Newsflash: Making less money than you’re worth is a bad thing.
OK, so this probably won’t surprise most people, but it’s fairly common for individuals to accept artificially low pay, and in an insightful Forbes post titled “The Three Reasons You’re Underpaid,” writer Liz Ryan explains why this is a mistake. It’s not simply a matter of costing yourself money and denying yourself the vacations and fancy clothes you could be enjoying.
“It isn’t humble or modest or praiseworthy to undervalue yourself,” Ryan writes. Instead, she claims, those who settle for low pay risk not being taken seriously. In the professional world, it’s all about having “mojo,” and if you give the impression you’ll settle for whatever employers are willing to give you, you might mark yourself as mojo-deficient.
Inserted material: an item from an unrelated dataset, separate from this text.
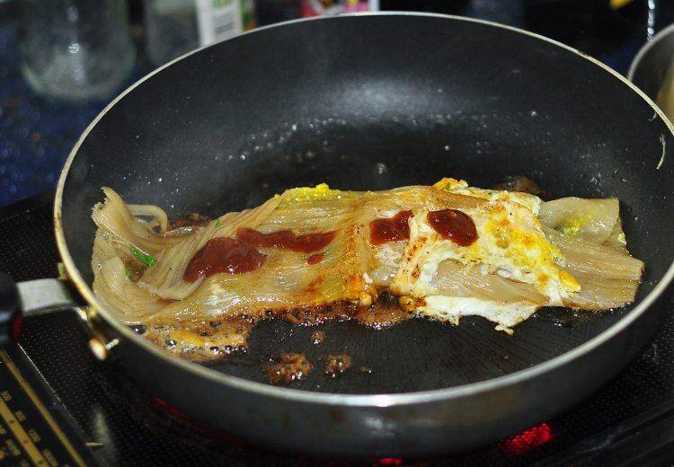 10、加入适量蒜蓉辣酱抹匀,即可出锅,可切块食用更方便。
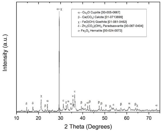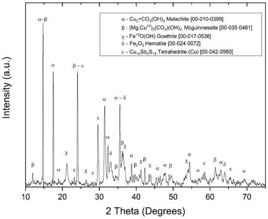 The XRD analysis of the MM sample (Figure 4) identified copper carbonates as the primary mineral matrix, composed mainly of malachite (CuCO3(OH)2) (JCPDS 00-010-0399) and mcguinnessite ((Mg,Cu)2(CO3)(OH)2) (JCPDS 00-035-0481), both of which are considered suitable minerals for copper extraction [51]. Additional detected minerals include tetrahedrite (Cu14Sb13) (JCPDS 00-042-0560), goethite (FeO(OH)) (JCPDS 00-017-0535), hematite (Fe2O3) (JCPDS 00-024-0072), and calcite (CaCO3) (JCPDS S96-901-6707), which correlate with the iron and calcium contents identified in the chemical analysis.

So why do people get stuck earning less than they should? The first factor Ryan cites is “salary compression.” If you stay with the same company long enough, you’re likely to receive cost-of-living increases that don’t reflect what others in your industry are making. Essentially, Ryan explains, companies are betting you’re less than thrilled about the hassle and uncertainty of looking for a new job, and that you’re willing to take security over the higher wages you could be earning elsewhere.
While salary compression is the employer’s fault — it’s bad business, Ryan says, to “play chicken” with loyal workers — the next factor, “disconnection from the talent market,” is a flaw that workers themselves must own up to. If you lose sight of what folks in your field are making, you’re doing yourself a major disservice. Do your homework and find out just how green the grass is elsewhere.
Lastly, Ryan says, it’s “fear of negotiating” that keeps people from standing up for themselves and asking for the money their work warrants. Her advice: Figure out what “business pain” you solve for your company — i.e. what makes you so valuable — and what alleviation of said pain ought to be worth. Then use this knowledge as leverage for fair compensation.